(written from a Production point of view)
In pursuit of Ferengi marauders, the Enterprise and its quarry become trapped by a mysterious planet that is draining both ships' energies.
- 1 Summary
- 2 Memorable quotes
- 3 Background information
- 4 Links and references
The USS Enterprise-D is in pursuit of a Ferengi vessel suspected of stealing a Federation-owned T-9 energy converter from Gamma Tauri IV. The mission is also a long awaited opportunity to encounter the Ferengi, who have never established visual contact with the Federation. The pursuit ends when the Ferengi ship gets close to a planet in the Delphi Ardu system and goes to sub-warp speed, possibly suffering a power surge and damage to their engines. After a while, it opens fire on the Enterprise, causing her minimal damage. Captain Picard chooses not to return fire, arguing that the Ferengi are just reacting to the Enterprise's pursuit. Soon after, however, the Enterprise also suffers a power system failure, becoming immobilized with phasers and shields off-line.
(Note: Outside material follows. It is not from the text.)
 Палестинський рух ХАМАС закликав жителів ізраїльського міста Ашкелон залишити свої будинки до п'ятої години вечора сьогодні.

The crew members believe their ship is trapped by the Ferengi. In the attempt to understand more of their adversaries, Data summarizes what is known about them: they are traders, and value profit above all, not unlike Yankee traders of 18th and 19th century North America. In engineering,Riker and La Forge envisage a way to escape the trap, by jumping abruptly to maximum warp and taking advantage of the relatively slower reaction of the force field. To catch the Ferengi off guard, Picard hails them, asking for the restitution of the stolen equipment, but receives no answer. The Enterprise then attempts the warp jump, but the plan is not successful. Furthermore, the computer data banks are being accessed by some unknown external source. Counselor Troi points out that all the attention has been devoted to the Ferengi, neglecting the possible role of the planet.
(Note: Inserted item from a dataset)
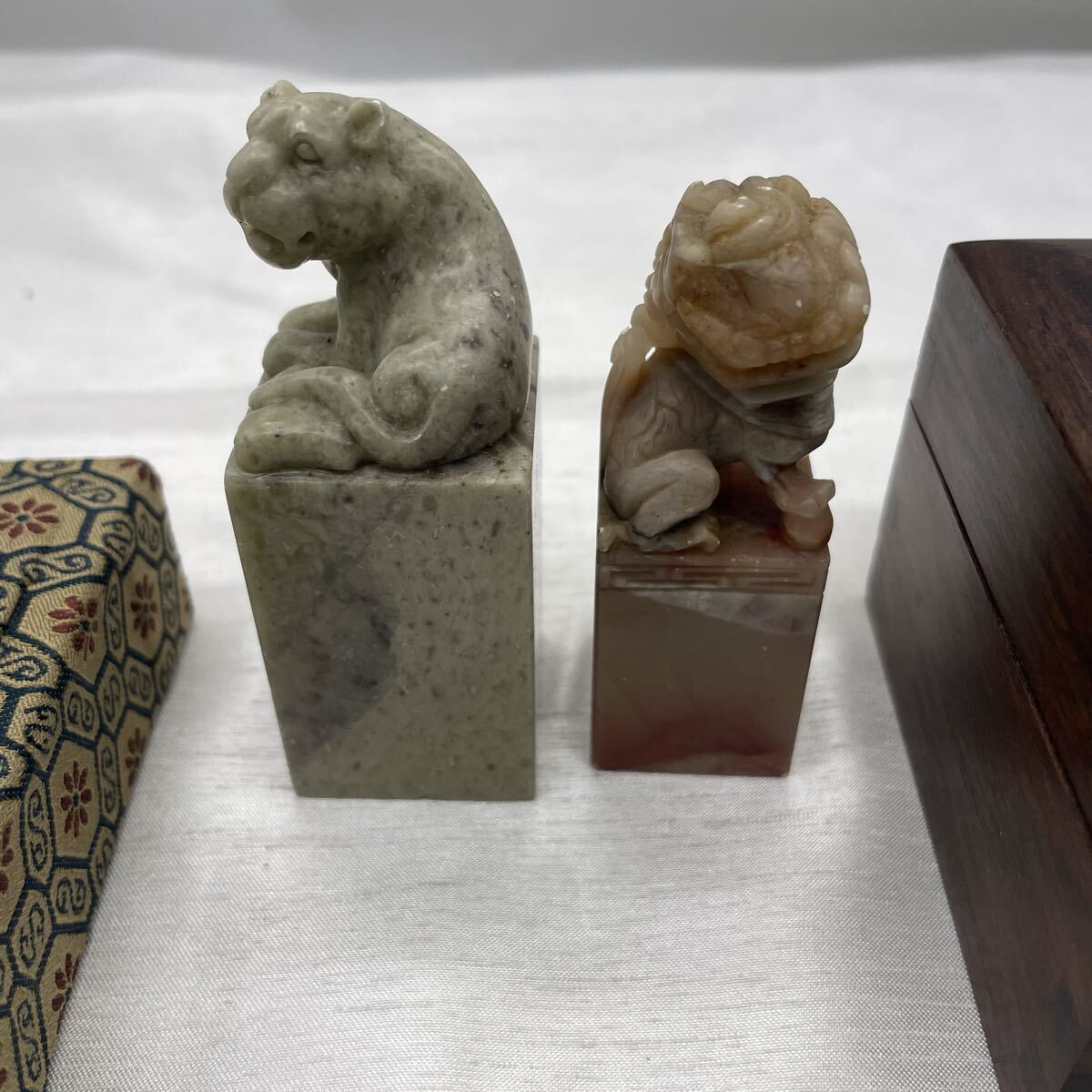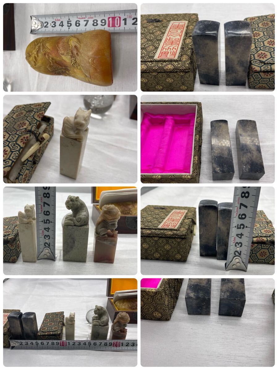 それぞれ異なる石材で構成され、獅子や動物の細かな彫刻が施された印材もあり、コレクションとしても魅力的な品です。

A conference is held in the observation lounge among the senior officers, and, after discarding the hypothesis of fighting, they decide to try contacting the Ferengi again. After everyone leaves, Picard asks Riker to stay in the conference lounge for a moment. Picard notes that his first officer had not offered up an assessment. Riker believes that the senior staff had covered all available alternatives, unless Picard has another option he would like analyzed. Picard tells Riker that there is one left that needs no conversation and one they must avoid. Returning to the bridge, Picard hails the Ferengi, reluctantly asking to present their terms.
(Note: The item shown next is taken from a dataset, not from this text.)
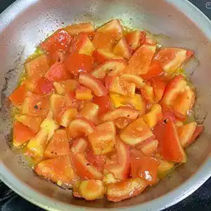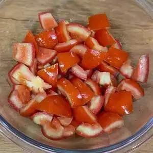 Você pode utilizar tomates cereja no lugar dos tomates em cubos.

After a moment, the Ferengi DaiMon Tarr replies. Much to the astonishment of the Enterprise bridge crew, he says that he is ready to discuss surrender, but not unconditional surrender: he will return the energy converter and offer the lives of the second officers. It is now clear that both ships are trapped, and that the Ferengi are not the actual source of the energy field.
The Enterprise senior officers convene again in the observation lounge. There, Data explains what is known about the mysterious planet, but not before becoming stuck with a Chinese finger trap left in the room by a couple of children, Matthew and Pola. Thanks to the help of Picard, Data gets his fingers released and explains that the planet might be one of the most distant outposts of the Tkon Empire, an ancient and powerful space federation that existed over six hundred thousand years in the past and was now extinct due to their star going supernova. During the meeting, a probe launched from the Enterprise transmits its information, revealing that indeed both ships are trapped in a force field emanating from the planet's surface. Picard thinks that they should investigate with an away team sent to the surface and perhaps team up with the Ferengi. As Picard, Riker, Data, and La Forge leave the lounge, La Forge tosses the finger trap to Data, who catches it.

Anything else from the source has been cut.